# [TASK DETAILS]
Do not include the pictures; repeat the rest of the data exactly.

# [COLLECTED DATA]
[Start of section]
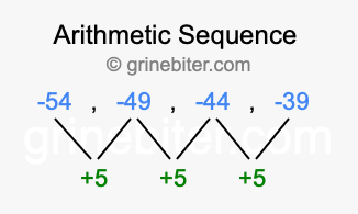 So, what type of sequence is -54, -49, -44, -39? The sequence -54, -49, -44, -39 has a common difference of +5 between each term. We call this kind of sequence an arithmetic sequence. Below is an image illustrating the correlation between the arithmetic sequence -54, -49, -44, -39 and its common difference of +5.
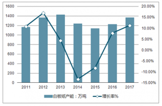 在造紙行業淘汰落后產能的同時,造紙行業新增產能受到環保政策趨嚴的限制,各紙種實際新增產能受限,考慮產能淘汰及產業結構調整,部分紙種總產能呈下降趨勢。文化紙方面,雙膠紙和雙銅紙近幾年基本無新增產能,而總產能則持續下降,其中銅版紙產能從2011年的799萬噸下降到2017年的660萬噸;白卡紙和白板紙方面,因部分新增產能投產,總產能整體呈增長態勢。
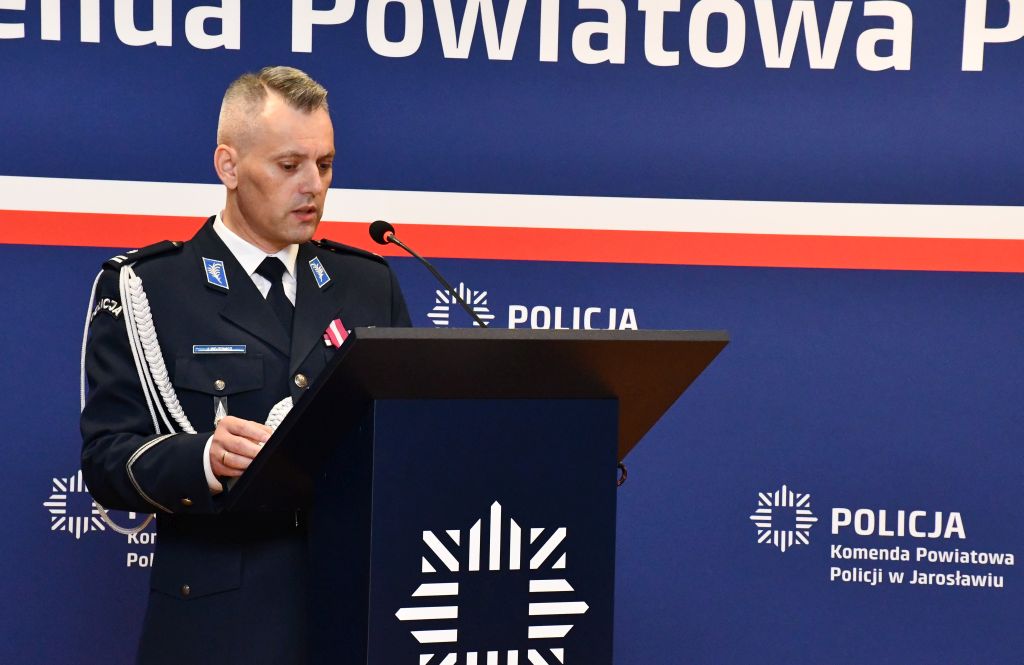 Wszystkich zgromadzonych przywitał Komendant Powiatowy Policji w Jarosławiu podinsp. Jan Wojtowicz. W swoim wystąpieniu Komendant pogratulował wszystkim awansowanym. Podziękował policjantkom, policjantom i pracownikom jarosławskiej komendy za profesjonalizm oraz rzetelne wykonywanie codziennych zadań. Szczególne słowa uznania skierował do policjantek i pracownic cywilnych, które odgrywają niezwykle istotną rolę w funkcjonowaniu jednostki. Swoje słowa skierował także do zaproszonych gości dziękując za okazywaną pomoc i udzielane wsparcie dla działań jarosławskich policjantów.
[End of section]
# [TASK OUTPUT]
 So, what type of sequence is -54, -49, -44, -39? The sequence -54, -49, -44, -39 has a common difference of +5 between each term. We call this kind of sequence an arithmetic sequence. Below is an image illustrating the correlation between the arithmetic sequence -54, -49, -44, -39 and its common difference of +5.
 在造紙行業淘汰落后產能的同時,造紙行業新增產能受到環保政策趨嚴的限制,各紙種實際新增產能受限,考慮產能淘汰及產業結構調整,部分紙種總產能呈下降趨勢。文化紙方面,雙膠紙和雙銅紙近幾年基本無新增產能,而總產能則持續下降,其中銅版紙產能從2011年的799萬噸下降到2017年的660萬噸;白卡紙和白板紙方面,因部分新增產能投產,總產能整體呈增長態勢。
 Wszystkich zgromadzonych przywitał Komendant Powiatowy Policji w Jarosławiu podinsp. Jan Wojtowicz. W swoim wystąpieniu Komendant pogratulował wszystkim awansowanym. Podziękował policjantkom, policjantom i pracownikom jarosławskiej komendy za profesjonalizm oraz rzetelne wykonywanie codziennych zadań. Szczególne słowa uznania skierował do policjantek i pracownic cywilnych, które odgrywają niezwykle istotną rolę w funkcjonowaniu jednostki. Swoje słowa skierował także do zaproszonych gości dziękując za okazywaną pomoc i udzielane wsparcie dla działań jarosławskich policjantów.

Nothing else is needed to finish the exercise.